Photo by John Fornander on Unsplash

For a game thought of as quintessentially British, with Wimbledon almost arrogantly being known as just ‘The Championships’, I was surprised to know that it probably has its roots in medieval 12th century France (although Brits aren’t really strangers to stealing stuff from other cultures). It appears that the origins of ‘love’, ‘15’, ‘30’ and then the bizarre jump to ‘40’ are a bit mysterious, but all in all the origins are roughly traced with this great article from Time condensing down a lot of the information.

What is interesting (and I can’t seem to find much info on) is how it was settled that a game (not a match) of tennis, would essentially be a race to 4 points — if we forget about ‘deuce’ for now. Regardless of what we call the points, that is essentially what a game is: first to 4. And with this brings the question — what would tennis look like if it was a race to some other number of points? Like 6? Or 8? Or what about just 1 game with a race to 100?

It turns out that choosing 4 points works out very nicely and to show this we can revert to the old ‘Problem of Points’.

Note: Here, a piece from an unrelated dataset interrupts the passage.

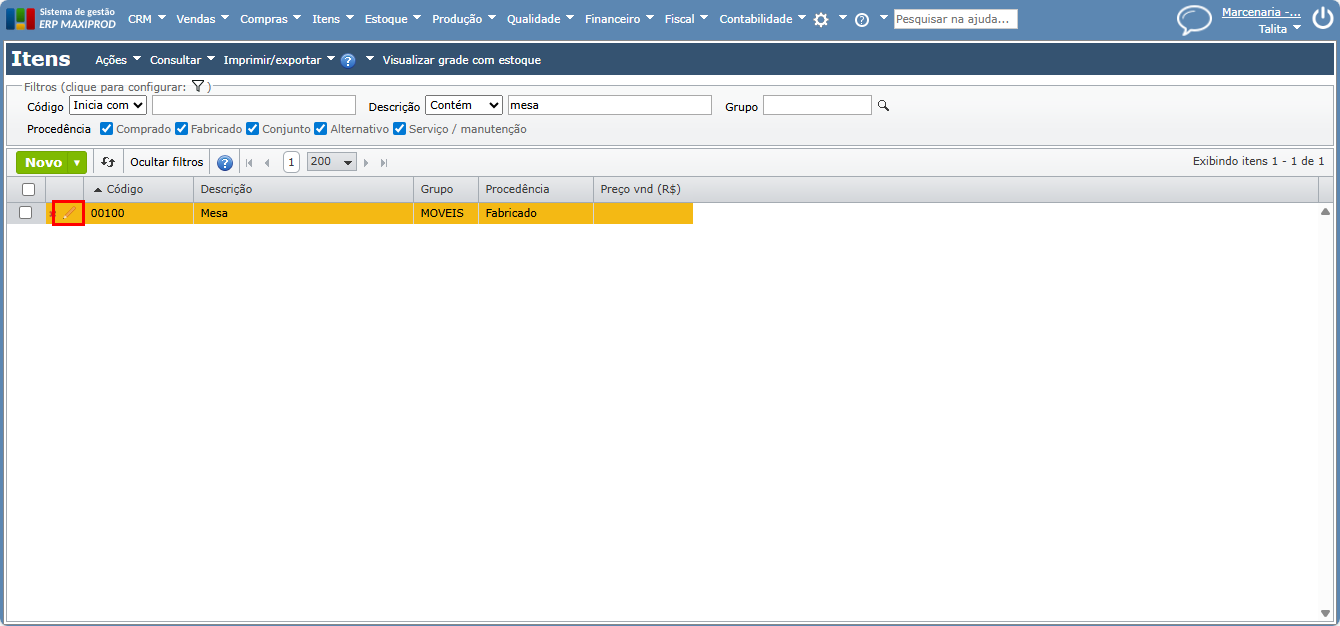2) Clique no ícone de lápis do item em que deseja cadastrar a estrutura de produto.

What is the Problem of Points?

A classical probability problem that arguably led to the concept of ‘Expected Value’, the Problem of Points (PoP from here on out) concerns the following issue:

“Given a race to _n_ points between 2 players, _a_ and _b_, if player _a_ has _x_ points and player _b_ has _y_ points and we are forced to stop the game right now - how should we split up the prize between the 2 players?”

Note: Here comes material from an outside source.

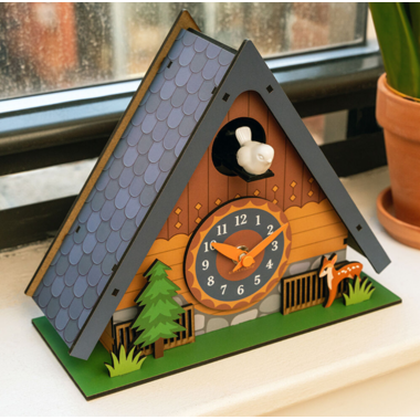 This whimsical cuckoo clock will keep you running on time. You decide when the cuckoo bird chimes! Requires 3 AA batteries. Size: 8.75 x 7.25 x 3.59 inches

To take an easy example for illustration — if we have two players that are equally likely to win any given point and they also have the same number of points currently, then we should split the pot 50/50 i.e. each one has a 50% chance of winning. Things become tricker when we start considering:

• unequal probabilities of winning a given point e.g. player a has a 70% chance of winning vs player b’s 30% chance
• unequal current points e.g. player a has 10 more points currently than player b

This is the problem that Pascal and Fermat first discussed.

The solution lies in how many points each player still needs

The key is not how many points each player currently has, x and y, but how many each player needs to win the game i.e. (n-x) and (n-y). This is intuitively clear if we take two games where the score is:

• 8–4, first to 10
• 18–14, first to 20

Clearly the first player has the same chance of winning in each vs the second player.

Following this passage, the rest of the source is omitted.